Глава 21
Глава 21
Маленькая Тешома села рядом со мной на поваленное дерево в зарослях бамбуковой травы. — Ты не будешь ловить лягушек? — спросила я.
Она подняла на меня жалобный взгляд. Ее глаза, обычно такие блестящие, потускнели и медленно налились слезами.
— Что ты так загрустила? — спросила я, беря ее на руки. Плачущих детей всегда старались как можно быстрее утешить, опасаясь, что их душа может вылететь через рот.

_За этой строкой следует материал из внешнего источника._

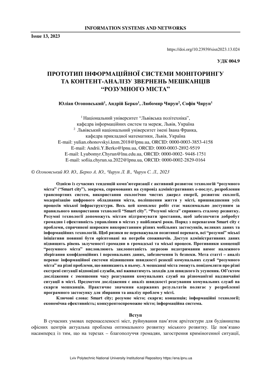 Прототип інформаційної системи моніторингу та контент-аналізу звернень мешканців “розумного міста” / Юліан Огоновський, Андрій Берко, Любомир Чирун, Софія Чирун // Вісник Національного університету "Львівська політехніка". Інформаційні системи та мережі. — Львів : Видавництво Львівської політехніки, 2023. — № 13. — С. 24–45.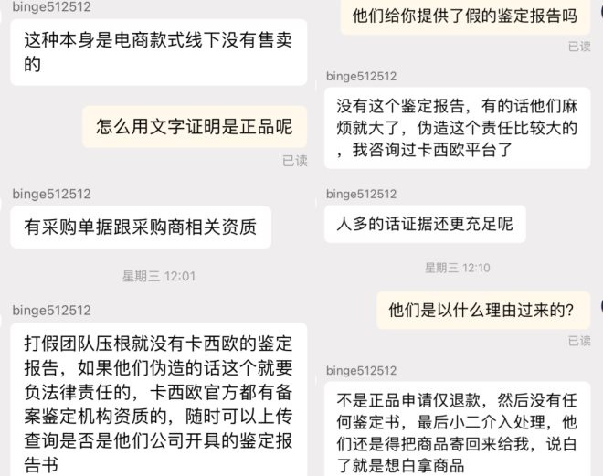 資深“老鳥”在群里狂刷收徒信息,還有人以偽造鑒定書為生,不論是正規(guī)商品,還是假貨、違規(guī)商品,他們豪言都能“成功下車”。

Взяв ее на закорки, я отправилась в шабоно. — Ты такая тяжелая, как целая корзина спелых бананов, — попыталась я рассмешить ее.
Но девочка даже не улыбнулась. Ее личико прижималось к моей шее, а слезы горохом катились у меня по груди.
Я бережно уложила ее в гамак, но она крепко вцепилась в меня, заставив лечь рядом. Вскоре она уснула, но очень беспокойным сном. Время от времени она вздрагивала всем телом, словно в лапах какого-то жуткого кошмара.
С подвязанным к спине младенцем Тутеми в хижину вошла Ритими. Взглянув на спящую рядом со мной девочку, она залилась слезами. — Я уверена, что какой-нибудь злой шапори этих Мокототери выманил ее душу прочь. — Ритими заходилась в таких душераздирающих рыданиях, что я оставила Тешому и подсела к ней. Я не знала толком, что ей сказать. Я не сомневалась, что Ритими плачет не только из-за маленькой дочери, но и из-за Этевы, который вот уже неделя, как ушел с отрядом воинов в набег. После ухода мужа она стала сама не своя: перестала работать на огородах, ни с кем из женщин не ходила в лес за ягодами и дровами. Бесцельно и подавленно она целыми днями бродила по шабоно. Большую часть времени она лежала в гамаке, играя с ребенком Тутеми. Как бы я ни старалась ее подбодрить, мне не удавалось стереть жалкое выражение с ее лица. Скорбная улыбка, которой Ритими отвечала на все мои усилия, придавала ей еще более унылый вид.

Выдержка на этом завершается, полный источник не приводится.